**Directions for this task**
Could you write out, exactly as they stand, only the lines in the listing below from the line with "2025年11月13日瑞郎相關(guān)匯率查詢" to the line with "Хрустка фісташка зустрічається", both ends included, without the pictures?

**Dataset excerpts**
--

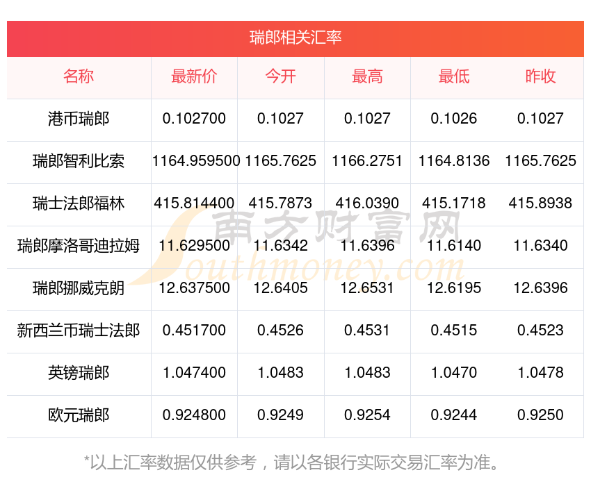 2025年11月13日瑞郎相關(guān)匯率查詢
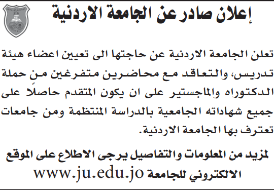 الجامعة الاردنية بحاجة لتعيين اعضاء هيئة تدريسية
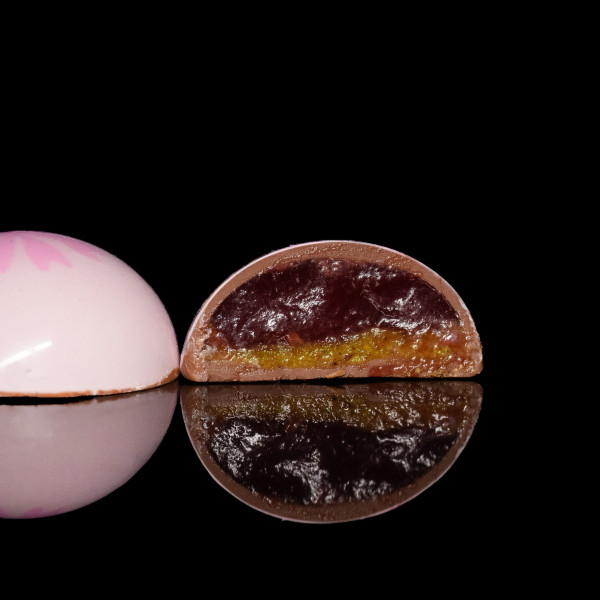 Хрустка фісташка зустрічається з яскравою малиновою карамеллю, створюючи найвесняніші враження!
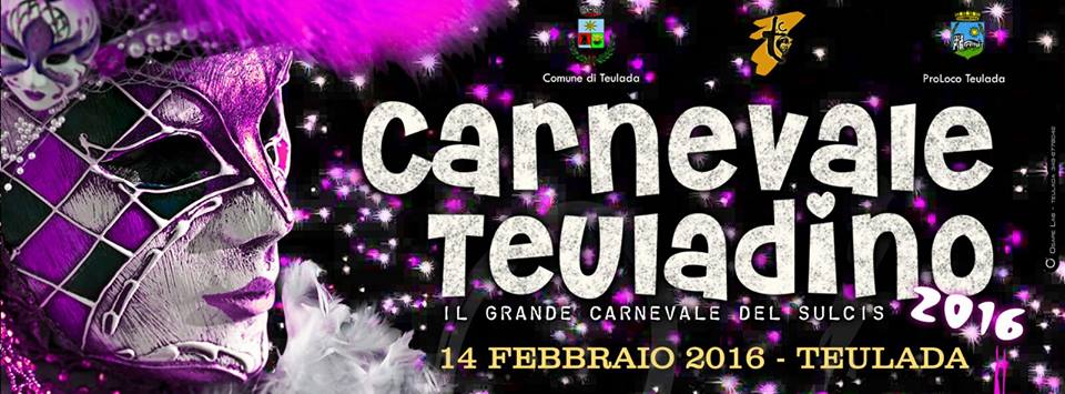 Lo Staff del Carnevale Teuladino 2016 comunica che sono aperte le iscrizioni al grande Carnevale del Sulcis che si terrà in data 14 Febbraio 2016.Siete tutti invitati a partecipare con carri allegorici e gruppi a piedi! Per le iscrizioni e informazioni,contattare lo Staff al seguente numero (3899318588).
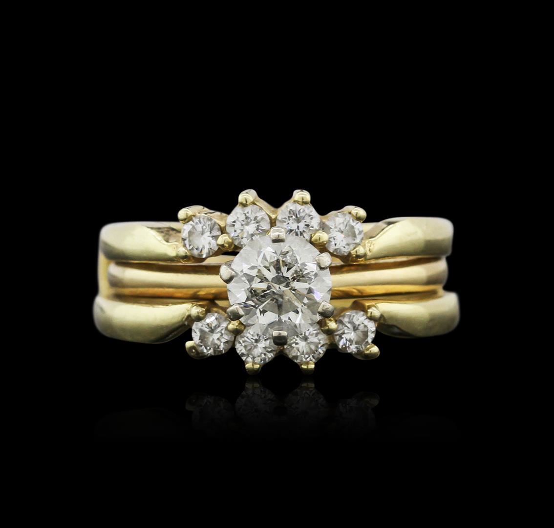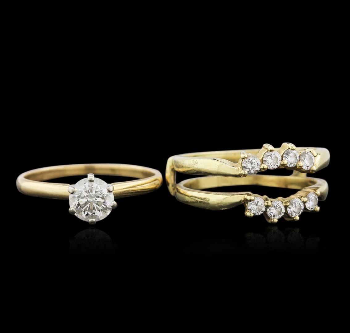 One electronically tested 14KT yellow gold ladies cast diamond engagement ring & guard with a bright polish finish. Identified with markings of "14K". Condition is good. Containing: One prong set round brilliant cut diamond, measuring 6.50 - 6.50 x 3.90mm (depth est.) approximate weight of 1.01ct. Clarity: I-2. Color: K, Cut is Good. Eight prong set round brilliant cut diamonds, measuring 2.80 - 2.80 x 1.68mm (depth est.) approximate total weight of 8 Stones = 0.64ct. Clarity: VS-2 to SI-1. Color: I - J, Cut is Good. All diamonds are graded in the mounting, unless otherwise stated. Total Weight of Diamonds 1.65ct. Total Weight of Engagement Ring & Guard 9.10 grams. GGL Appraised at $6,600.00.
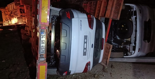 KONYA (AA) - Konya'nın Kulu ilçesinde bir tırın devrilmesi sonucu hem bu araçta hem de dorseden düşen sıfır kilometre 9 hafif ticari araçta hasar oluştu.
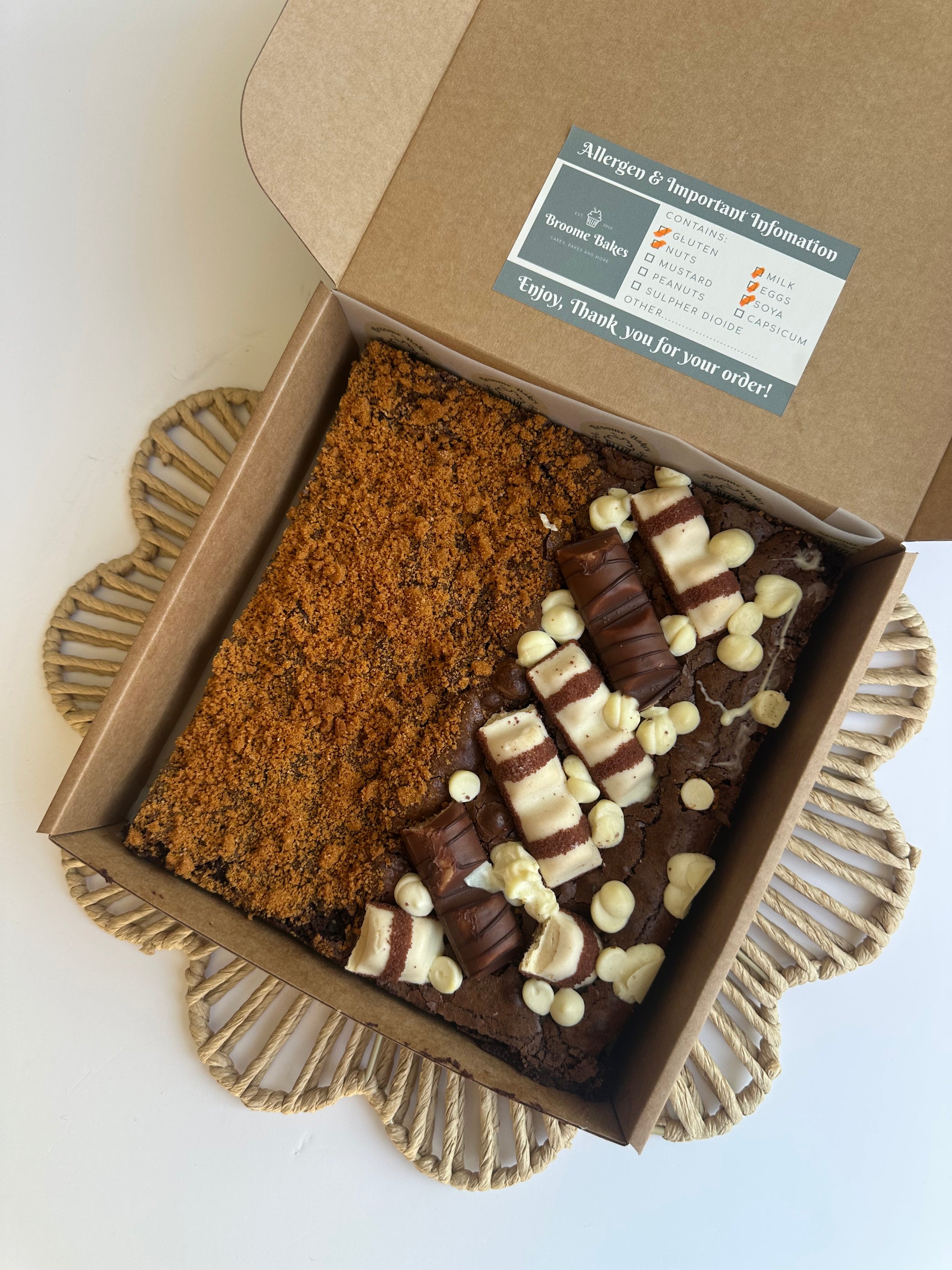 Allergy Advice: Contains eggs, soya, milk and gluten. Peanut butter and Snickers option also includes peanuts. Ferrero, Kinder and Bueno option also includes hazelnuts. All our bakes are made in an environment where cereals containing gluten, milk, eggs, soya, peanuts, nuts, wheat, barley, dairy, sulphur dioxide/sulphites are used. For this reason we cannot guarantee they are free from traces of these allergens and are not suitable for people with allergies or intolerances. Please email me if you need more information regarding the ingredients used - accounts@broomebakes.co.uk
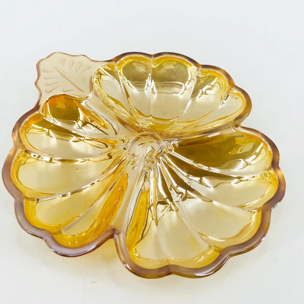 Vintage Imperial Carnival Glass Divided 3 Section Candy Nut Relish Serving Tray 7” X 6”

--

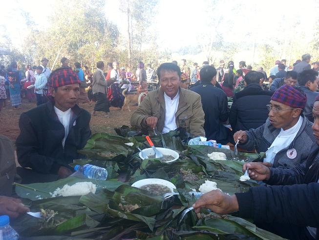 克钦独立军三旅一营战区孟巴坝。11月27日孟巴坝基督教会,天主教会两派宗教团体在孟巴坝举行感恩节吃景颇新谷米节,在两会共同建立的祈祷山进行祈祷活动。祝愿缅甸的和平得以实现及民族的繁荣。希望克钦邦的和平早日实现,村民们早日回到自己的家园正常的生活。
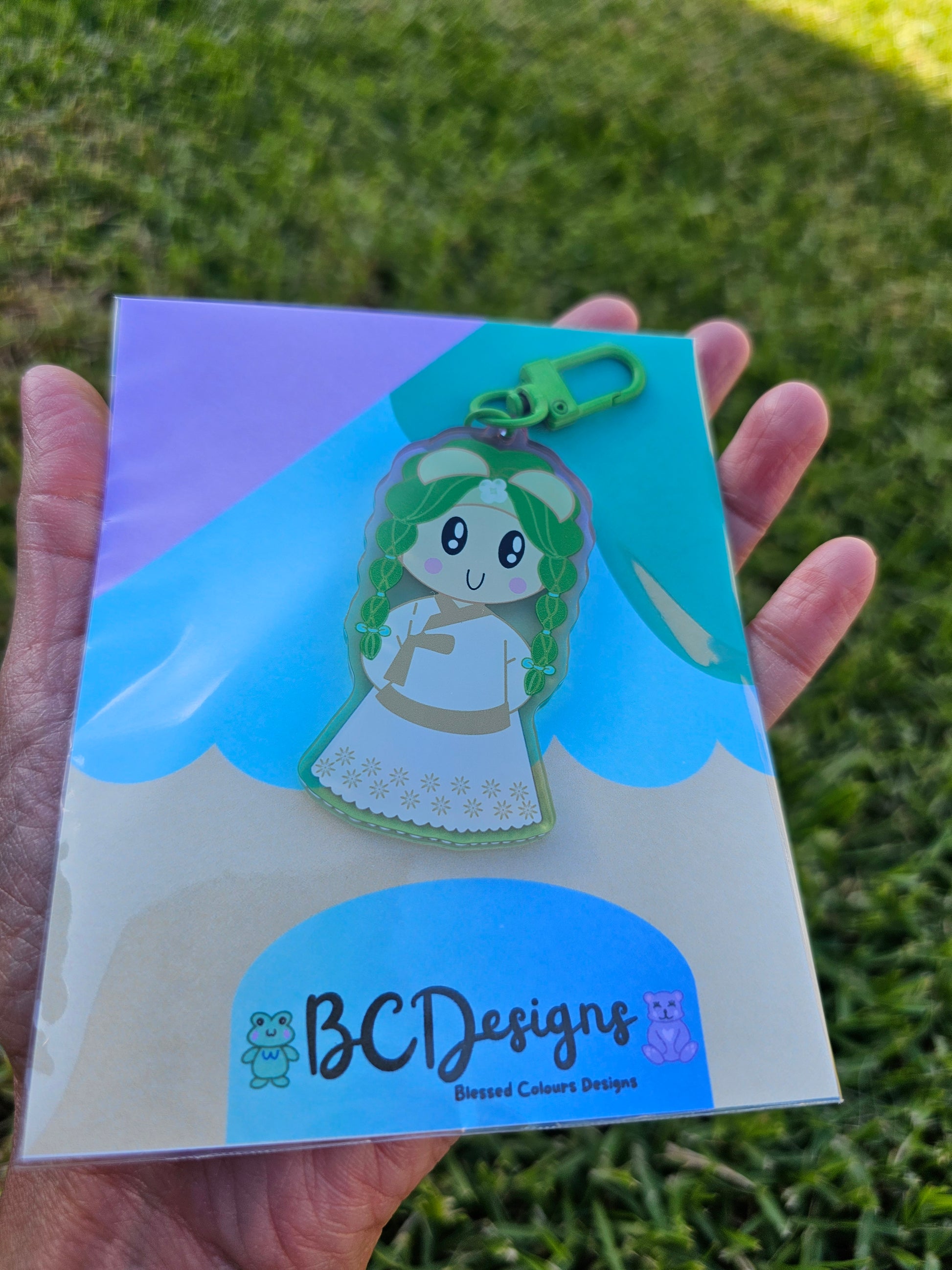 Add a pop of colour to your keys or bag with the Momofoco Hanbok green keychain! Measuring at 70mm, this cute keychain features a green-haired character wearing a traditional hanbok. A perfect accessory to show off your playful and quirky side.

--

**Written reply**
 2025年11月13日瑞郎相關(guān)匯率查詢
 الجامعة الاردنية بحاجة لتعيين اعضاء هيئة تدريسية
 Хрустка фісташка зустрічається з яскравою малиновою карамеллю, створюючи найвесняніші враження!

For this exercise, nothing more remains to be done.